# Physics with Calculus/Thermodynamics/Pressure and Temperature

In its most basic and most conceptual form, pressure is force per unit area. Of course, we all have a basic intuition about what pressure is. However, it's a little more slippery to define rigorously because we could in principle have a different pressure at every point, then it's not really force per unit area on a macroscopic scale. Furthermore, what force and what area are we even talking about?

What we really mean is that if we draw a small closed surface (like a sphere) around some point in a fluid, then the pressure is the outward force from the fluid inside the surface divided by the area or the surface. Of course, the surface must be orientable (you can't draw a Klein bottle around it), but more importantly, as the surface you draw gets smaller (say you choose a sphere, then shrink the radius), the pressure calculated must get closer to a definite value. Of course, these are all mathematical subtleties, and there are many more, all of which may be ignored.

One thing you should realize is that for any given surface, the total force on it is the surface integral of the pressure. Equivalently, for a small surface (infinitesimal), the force is merely the pressure times the area.

Notice also that pressure cannot produce a shear force, only a normal force.

Now, imagine a small rectangular prism of fluid of dimensions dx, dy, dz. Let's look at the two opposite sides normal to the x axis, let's call them A, and A'. Now, we want to find out the total force on this cube from the fluid surrounding it. The total force in the x direction is the force on A' minus the force on A. The force on A is the pressure at A times the surface area, let's call it dy dz, so P(x) dy dz.

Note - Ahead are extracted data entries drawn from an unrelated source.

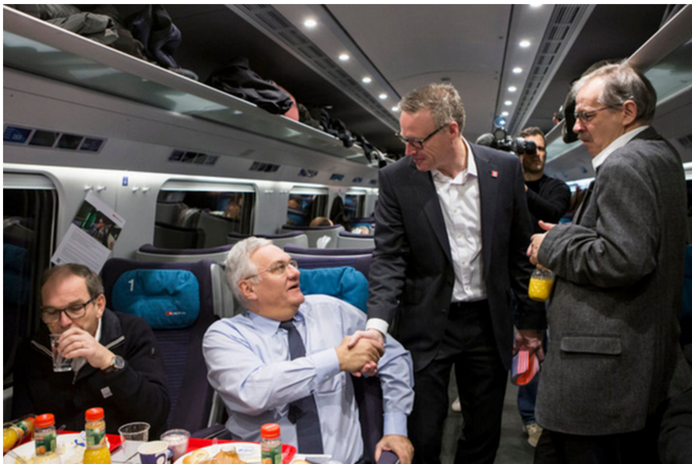
Глава CFF приветствует первых пассажиров, пересекающих Готардский туннель

При свете электрического освещения пассажиры продолжают дремать, читать или смотреть видео, никак не проявляя своего восторга. Фотографировать за окном нечего, лишь дают о себе знать заложенные от перепада давления уши. Похоже, что главный признак посещения исторического туннеля – исчезнувшие на долгие 20 минут головокружительные пейзажи за окном.
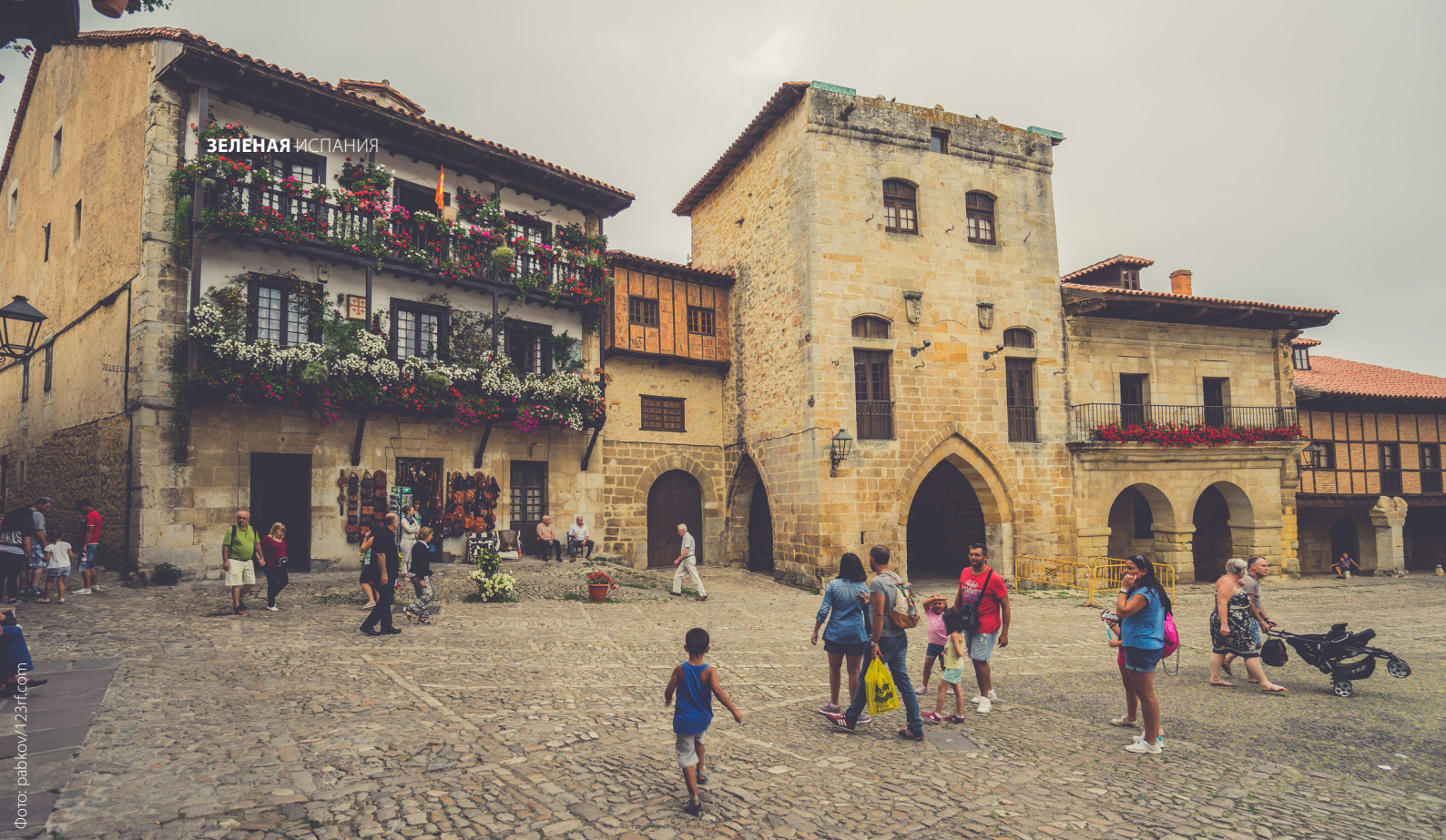
▲ САНТИЛЬЯНА-ДЕЛЬ-МАР КАНТАБРИЯ
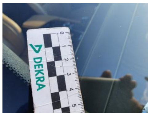
Fot. 30 Szyba czołowa (Rysa/Odprysk)
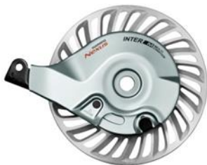
Bild 3, BR-C6000-R, hinten
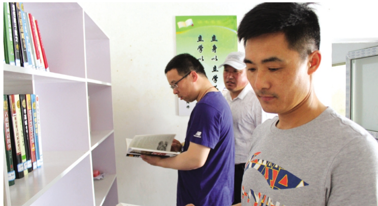
黄化制钙公司重新整修“职工书屋”,及时安装空调等设备,购置更新更贴近职工需求的书籍。5月16日,职工书屋再次“开门迎客”,首日借书量达到了20余本,同时开展读书漂流活动,鼓励员工捐赠好书,增加藏书量。(刘凡榕)
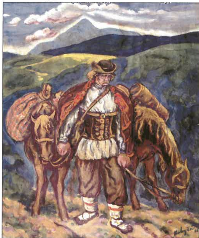
Hucul s koněm, 1946, olej na papíře (soukromý majetek)
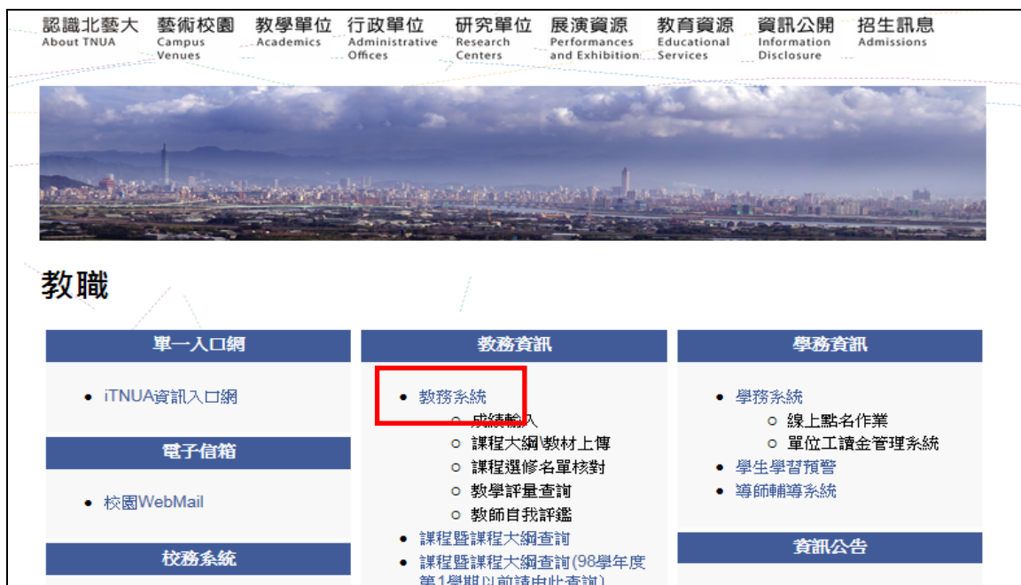
圖二：新教師服務入口連結
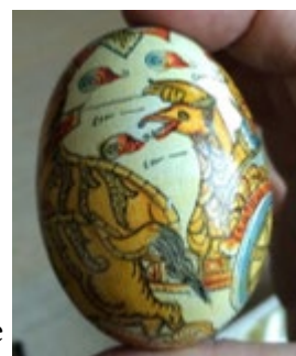
œufs de Chine
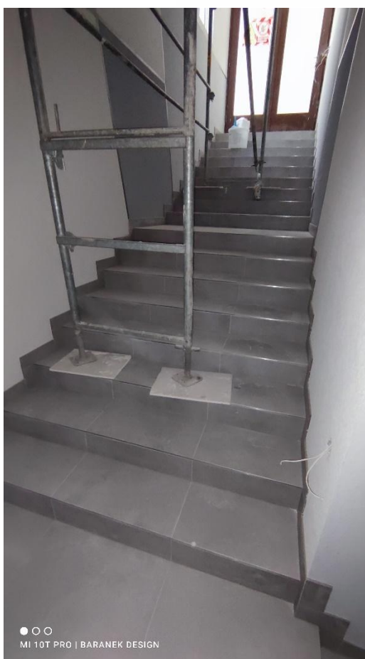
FOTO 05 – Vstupní dveře ke schodišti s přístupem do 1.PP FOTO 06 – Schodiště s přístupem do 1.PP
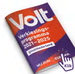
Volt Verkiezingsprogramma 2021-2025

The force on A' is not quite the same; if we take the linear approximation, which becomes exact as dx, dy, and dz become smaller, then it is

$P(x)\,dy\,dz+{\frac {\partial P}{\partial x}}\,dx\,dy\,dz$ . All the higher order terms can be neglected because when they are divided by dx dy dz, they will become zero.

The force in the x direction is then

${\frac {\partial P}{\partial x}}\,dx\,dy\,dz$ .

Repeating the process for the other faces gives us

$d{\vec {F}}=\left({\frac {\partial P}{\partial x}},{\frac {\partial P}{\partial y}},{\frac {\partial P}{\partial z}}\right)\,dV$ Dividing through by dV (strictly speaking, we should be using delta's instead of d's, but you get the same result), and changing notation, we get

${\vec {F}}=\nabla P$ where ${\vec {F}}$ is force density.